## Task requirements
Could you restate word for word each line from the top of the listing below through the line containing "Παιδικό παγούρι θερμό, ανοξείδωτο, με"? Keep the pictures out.

=== Begin Enclosure ===

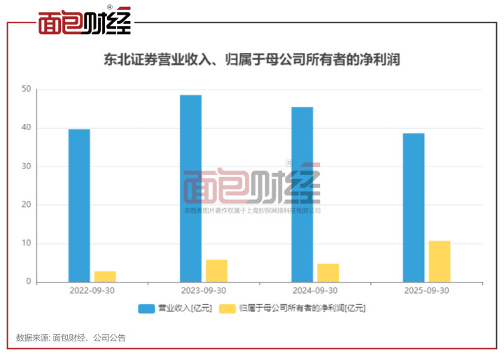 根据三季报,东北证券2025年前三季度实现收入38.61亿元,同比增加38.83%;归母净利润10.67亿元,同比增加125.21%。
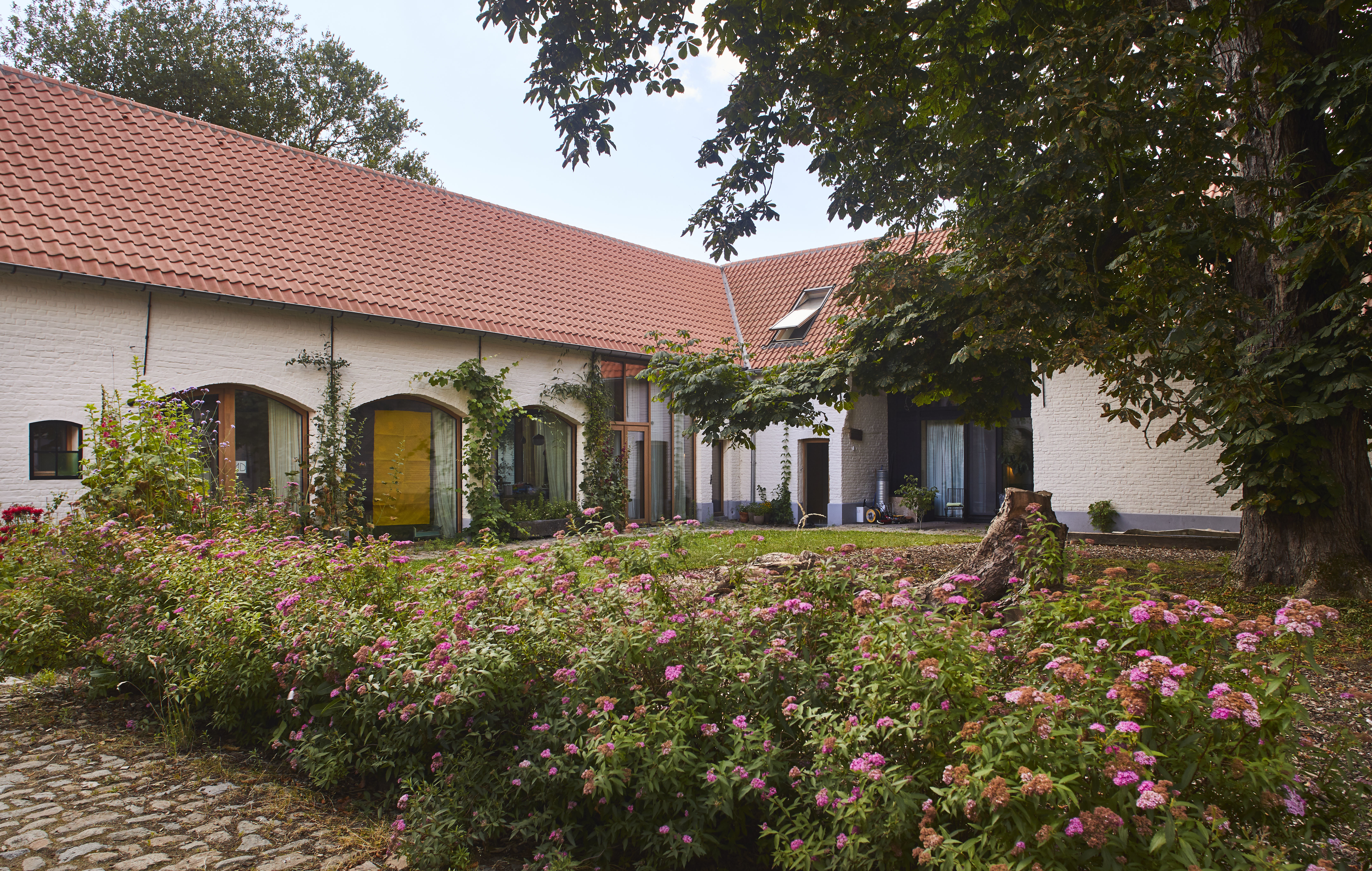 Herbestemming van hoeve en landbouwstokerij tot meerdere gezinswoningen. Foto genomen voor de uitreiking van de Onroerenderfgoedprijs 2019. Hof ter Beemt in Zingem is een verdiende laureaat van deze editie.
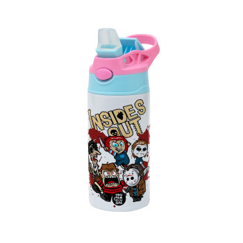 Παιδικό παγούρι θερμό, ανοξείδωτο, με καλαμάκι ασφαλείας, Ροζ/Σιελ (360ml) BPA FREE με θέμα Halloween
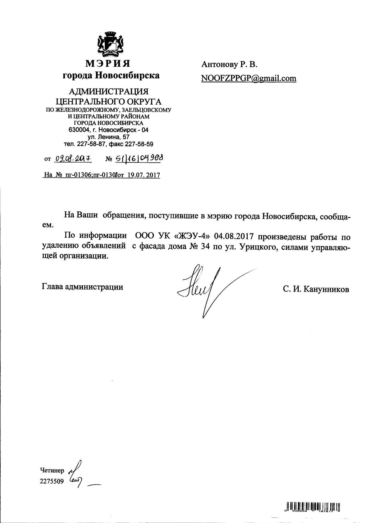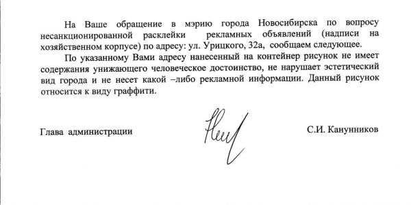 Номер жалобы:21027 Тип жалобы:Иные проблемы ЖКХ Название объекта:Управляющая Компания Регион:Новосибирская область Город:Новосибирск Адрес:ул. Урицкого, 32А Описание жалобы:Объявления и надписи на хозяйственном корпусе Статус:
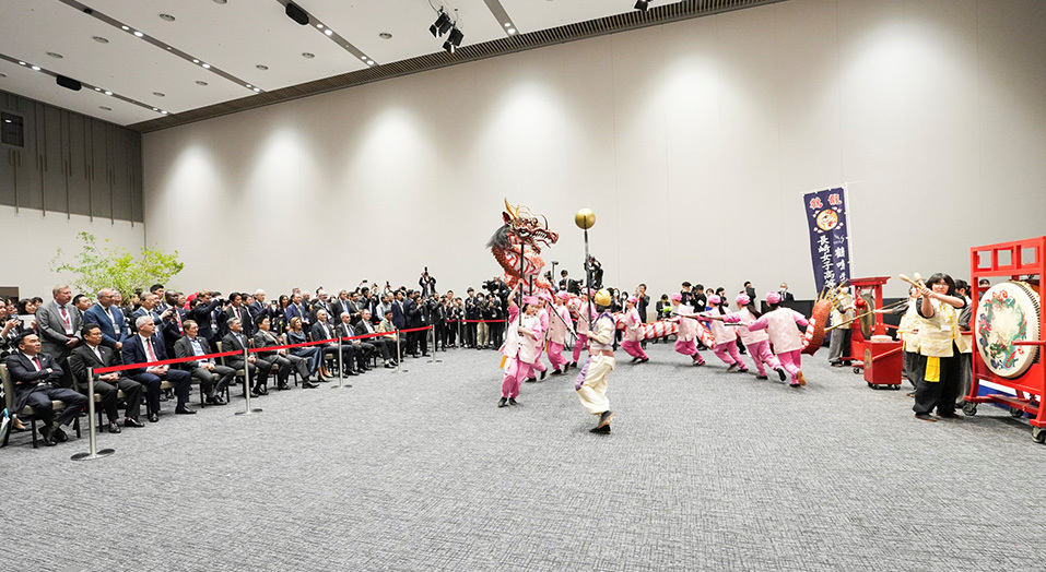 On the opening day, members of a local girls’ high school Jaodori team presented the powerful Dragon Dance, a traditional performing art of Nagasaki, at the reception hosted by Health Minister Kato. Nagasaki products and traditional crafts were displayed at the exhibition booths. Such cultural promotion and community revitalization will help to pass on the traditional performing arts and craftsmanship of Nagasaki to future generations.
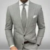 Costume à rayures grises pour hommes, veste avec poches, 2 pièces, smoking Simple, marié, mariage, mode hommes d'affaires, manteau formel
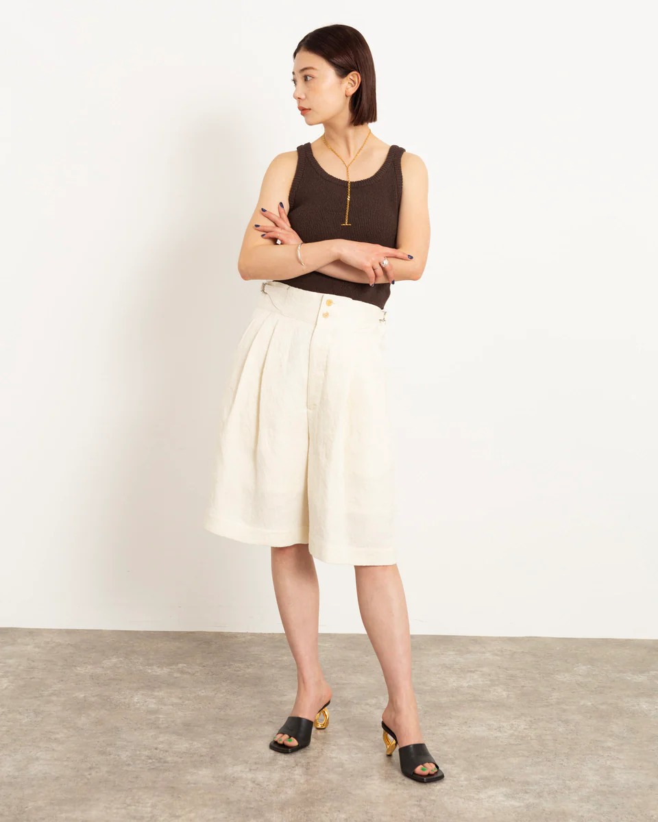 「ポステレガント(POSTELEGANT)」のシンプルなタンクトップは、深みのあるブラウンが品の良さを演出。凹凸のある立体的な表情が特徴のブークレー糸が使われており、首元の太めのリブがアクセントになっています。ワイドショーツと合わせたメリハリのあるスタイルが◎。
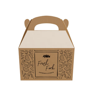 - Present your meals with ease using custom gable box / lunch boxes designed for functionality and convenience. The greaseproof lining keeps oils contained, while the built-in handle makes carrying orders effortless. Freezer-safe for storing treats, these boxes offer a reliable, practical packaging solution that reflects your brand’s focus on quality and customer satisfaction. See details
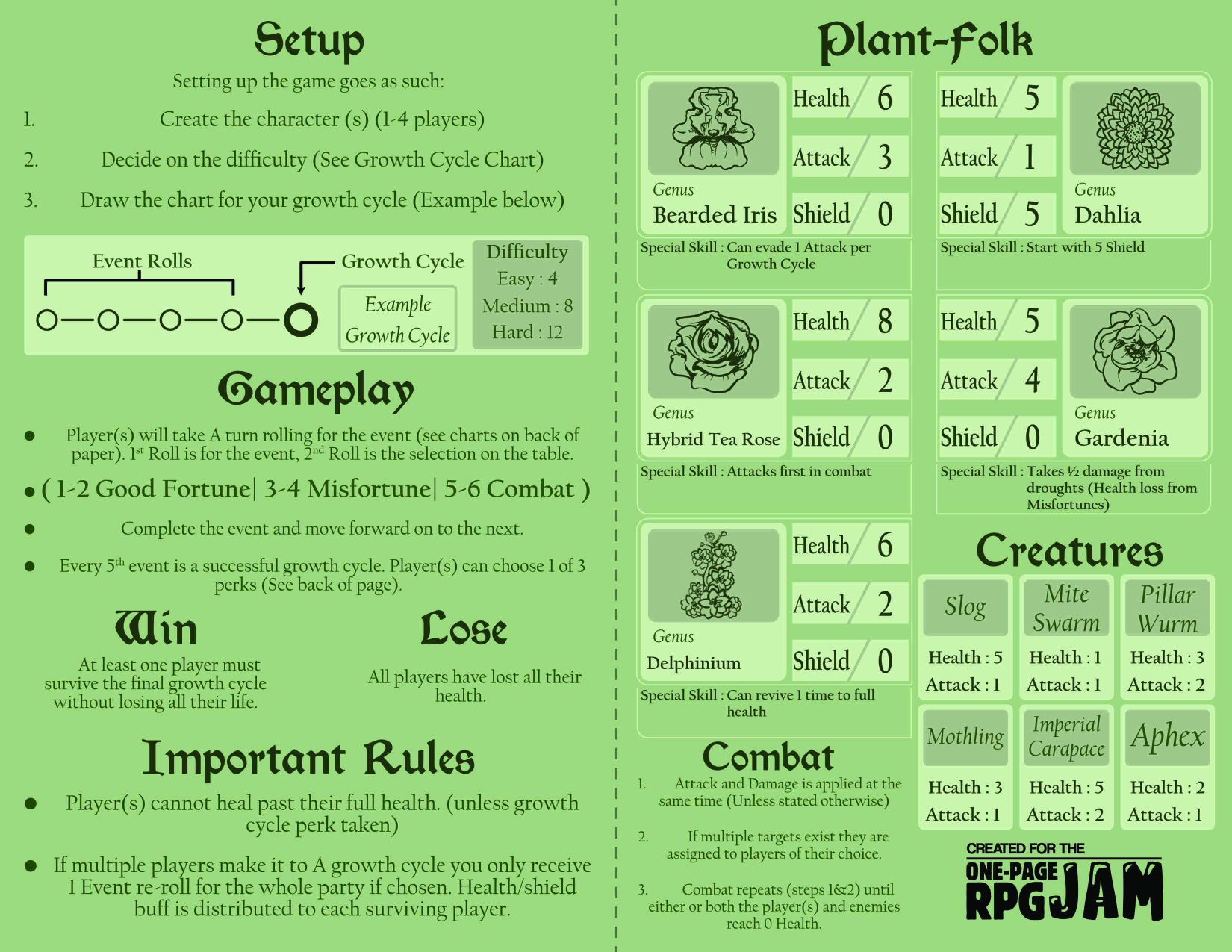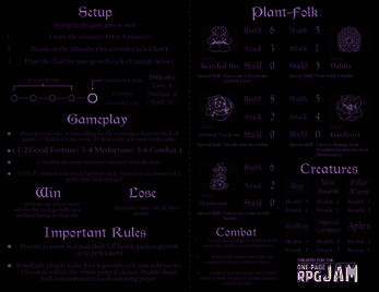 This is my first attempt at doing anything for the One Page RPG Jam! I did not have a ton of play testers so I expect some things to be broken or potentially confusing in the layout and wording of the PDF. I would love to hear everyone's feedback and critiques.
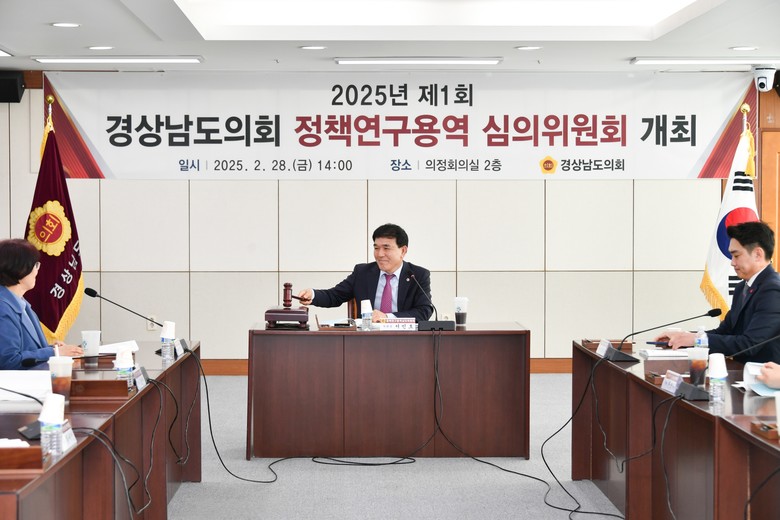 [경남 세계타임즈=최성룡 기자] 경상남도의회는 2025년 2월 28일, 제1회 경상남도의회 정책연구용역 심의위원회를 개최하였다. 이번 심의위원회는 서민호 위원장의 주도로 진행되었으며, 의회 운영위원회 소속 의원 3명과 각 분야에서 풍부한 경험과 전문성을 지닌 외부 전문가 4명이 함께 참여하여, 8개 연구단체의 연구용역에 대해 심도 있는 검토를 진행하였다.
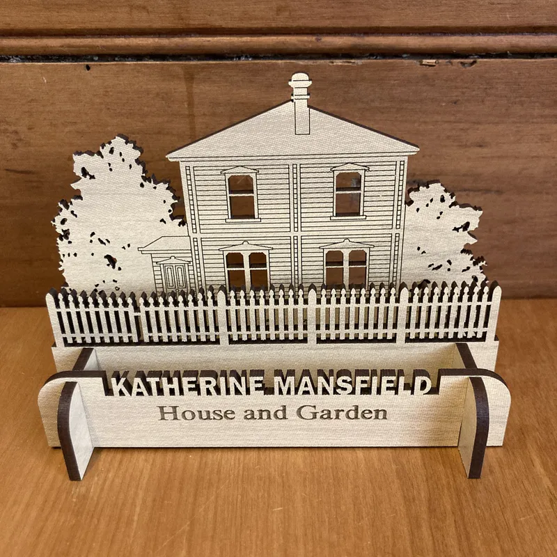 This pop-up card has three layers made from MDF that come together to make a scene. The back layer is the house Katherine Mansfield was born in, with trees on either side. The middle layer is our picket fence. The front layer has the text: 'Katherine Mansfield House & Garden'.
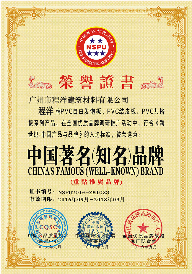 廣州市程洋新型材料有限公司專業研發和生產PVC共擠發泡板,結皮發泡板,自由發泡板,客車內裝飾板,PVC覆膜板,雕刻屏風雕花板,PVC櫥柜板,PVC防水浴室柜板,皮雕軟包底板以及發泡異型材等產品,厚度范圍為1mm~38mm。pvc板材全部采用無鉛環保型助劑生產,綠色環保, 符合歐美國家檢測要求,產品已通過ISO9000質量體系認證,甲醛測試報告,ISO證書,阻燃測試報告,SGS 測試報告,握釘力測試報告,ROHS測試報告等證書,并廣泛應用于雕刻屏風、復合(貼面)板、PVC燈飾、汽車內裝飾、櫥柜,浴室柜,廣告UV、校園文化,裝潢天花吊頂,高速公路隔音板,戶外攀登(巖)及工業應用等領域。

=== End Enclosure ===

## Answer box
 根据三季报,东北证券2025年前三季度实现收入38.61亿元,同比增加38.83%;归母净利润10.67亿元,同比增加125.21%。
 Herbestemming van hoeve en landbouwstokerij tot meerdere gezinswoningen. Foto genomen voor de uitreiking van de Onroerenderfgoedprijs 2019. Hof ter Beemt in Zingem is een verdiende laureaat van deze editie.
 Παιδικό παγούρι θερμό, ανοξείδωτο, με καλαμάκι ασφαλείας, Ροζ/Σιελ (360ml) BPA FREE με θέμα Halloween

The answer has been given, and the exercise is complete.